Second, on a more crowded plate, where the worms touch each other, the model tends to lose 
track of single worms. This is, however a general problem not only for SAM-2 but also other 
segmentation models. This kind of mistakes can be manually corrected or one can avoid them 
by using less crowded videos.

In summary, SAM-2 did a good job segmenting the worms in a short time. The resulting masks 
can now be further analysed, e.g. by creating a skeleton and selecting some markers to create 
a pose estimation skeleton.

## Skeletonisation of the masks

The next step after obtaining segmentation masks is to extract a skeleton from them.
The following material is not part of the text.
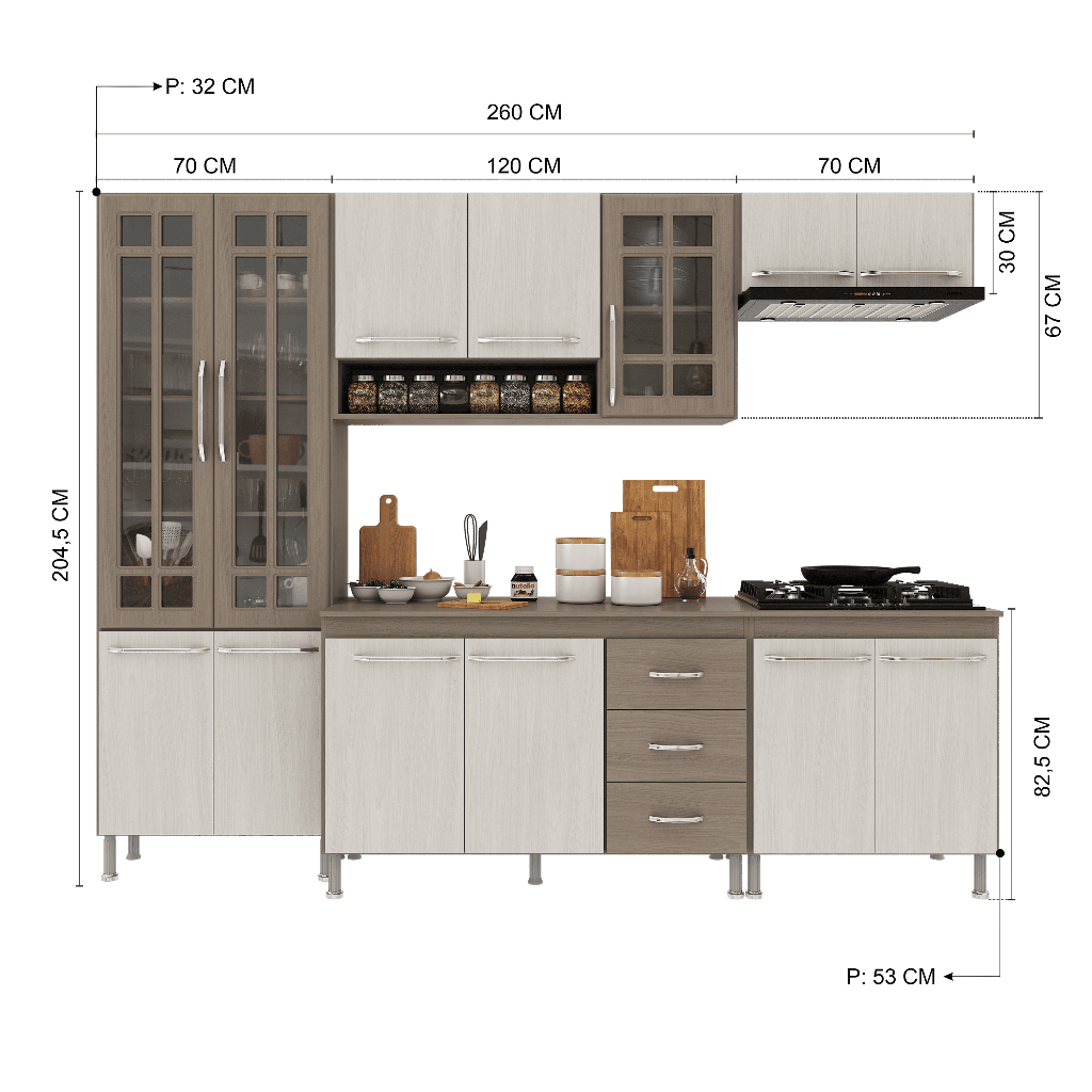 A Cozinha Paris da Fidelitá combina elegância e funcionalidade, trazendo um design sofisticado com linhas delicadas e acabamento em pintura UV de alta qualidade. O padrão Nogal, com brilho, adiciona um toque de sofisticação e aconchego ao ambiente, enquanto o Salinas em acabamento fosco garante modernidade, leveza visual e fácil harmonização com diferentes estilos de decoração, tornando sua cozinha mais bonita, atual e acolhedora no dia a dia. Com módulos avulsos, cada peça é independente, permitindo diferentes composições para melhor aproveitamento do espaço. Seu interior é bem distribuído, com prateleiras e divisórias que auxiliam na organização de utensílios e mantimentos. Fabricada em MDP de 15mm, a estrutura garante resistência e durabilidade, enquanto as portas de vidro em MDF de 15mm elevam o padrão de qualidade e sofisticação do produto. As corrediças telescópicas e dobradiças metálicas proporcionam um deslizamento suave e seguro. Além disso, os puxadores cromados em ABS e os pés plásticos com regulagem de altura agregam praticidade e um toque moderno ao conjunto. Dimensões: 📌Largura total: 260cm 📌Altura total: 204,5cm 📌Profundidade: 53cm (balcões) | 32cm (aéreos) Os balcões acompanham tampos de MDP 15mm removíveis, possibilitando a instalação de uma pia com espaço de 120cm x 53cm no balcão (120cm). O balcão (70cm) suporta cooktop, o mesmo não vai recortado e para sua customização o gabarito esta na própria embalagem. Itens inclusos: ✅ Aéreo (120cm) – 3 portas (1 de vidro) ✅ Paneleiro Duplo (70cm) - 4 portas, (2 de vidro) ✅ Armário (70cm) - 2 portas ✅ Balcão (70cm)- 2 portas e tampo. ✅ Balcão (120cm) – 3 portas, 3 gavetas e tampo removível Observação: A Fidelitá Móveis não realiza montagem. O produto é enviado desmontado, acompanhado de manual de instalação e todas as ferragens necessárias. 📅Garantia: 6 meses para defeitos de fabricação e vícios ocultos. 🖼️Imagem meramente ilustrativa. Por segurança, é necessário fixar os módulos na parede. Dúvidas P: Os módulos podem ser montados separadamente ou apenas na disposição da imagem? Sim! Como os módulos são avulsos, você pode organizá-los conforme seu espaço e necessidade. P: O balcão suporta pia de inox ou granito? Sim! O tampo de MDP de 15mm pode ser removido para instalação de uma pia de até 120cm x 53cm pesando até 40kg. P: Os pés da cozinha são reguláveis? Sim! Os pés são de plástico resistente e possuem 14cm padrões e regulagem para nivelamento do móvel acrescentando mais 3cm sobre a altura total. P: A Fidelitá realiza a montagem da cozinha? Não. O produto é enviado desmontado, acompanhado pelo manual de montagem e todas as ferragens necessárias para a instalação. P: Os puxadores são de metal? Não. Os puxadores são em ABS cromado, garantindo leveza e resistência.

For this, we used the 
[`skeletonize` function from the `skimage` library](https://scikit-image.org/docs/stable/auto_examples/edges/plot_skeleton.html). This function takes a masked image as input in the format of a two-dimensional array and returns a skeletonised version of the image.

The process of skeletionsation by using the `skimage` library is an iterative one, with several cycles of removing the outermost pixels of the object until only a one-pixel wide representation of the object remains. The function works by iteratively removing pixels from the boundaries of the object while preserving its connectivity and overall structure. The algorithm continues this process until no more pixels can be removed without breaking the connectivity of the object.

As an example, let's look at the following image of a worm mask and its skeletonised version:

```{figure} /_static/blog_images/sam2/EGCG5_40_2018_10_19_Mask_masked_and_skeletonised.png
:align: center
:width: 100%

**Masked worm image and its skeletonised version.** The input masked worm image (left) and its one-pixel wide skeletonised version (right).
```

Once we have the skeletonised image, we can define keypoints or nodes along the skeleton to represent the pose of the worm. This can be done by sampling points at regular intervals along the skeleton or by identifying specific features such as bends or junctions in the skeleton. In this exploration, I chose the method of random selection and selected 5 pixels by using [numpy's `choice()` function](https://numpy.org/doc/stable/reference/random/generated/numpy.random.Generator.choice.html#numpy.random.Generator.choice). These keypoints could then be used to create a pose track for the worm, which can be further analysed for movement patterns and behaviours. They could also be used to quickly create annotations for a pose estimation model (as long as the keypoints are consistent across the frames).

```{figure} /_static/blog_images/sam2/EGCG5_40_2018_10_19_Mask_skeleton_and_nodes.png
:align: center
:width: 100%

**Skeletonised worm image with sampled nodes.** Five pixels were randomly sampled along the skeleton to define the nodes (shown in blue).
```

A Python notebook to perform the skeletonisation of the worm masks, extract the nodes from the masks, and visualise the process can be found in this [GitHub repository](https://github.com/jyoti-bhogal/neuroinformatics_osw/tree/main/python_code_skeletonisation_and_node_selection). Below we include the snippet to sample the nodes:

```python
import numpy as np
from PIL import Image
from skimage.morphology import skeletonize

# Open the .tif image
img = Image.open("path/to/the/worm-mask.tif")

# Convert to numpy array
img_worm = np.array(img)

# Compute skeletonised worm image (1-pixel wide worm mask)
skeleton_worm = skeletonize(img_worm)

# Get indices where skeleton_worm is True
worm_index_true = np.argwhere(skeleton_worm)

# Define nodes as 5 worm pixels randomly sampled (without replacement)
rng = np.random.default_rng(seed=42) # set a seed for reproducibility
sample_indices = rng.choice(len(worm_index_true), size=5, replace=False)

# Get rows (y-coordinate) and columns (x-coordinate) of the nodes in the skeleton_worm array
sampled_worm_index_true = worm_index_true[sample_indices, :]
```

In conclusion, the combination of SAM-2 for segmentation and `skimage` for skeletonisation provides an effective workflow for extracting pose estimation skeletons for _C. elegans_. This automated approach can significantly speed up the analysis of worm behaviour and facilitate further research in this area.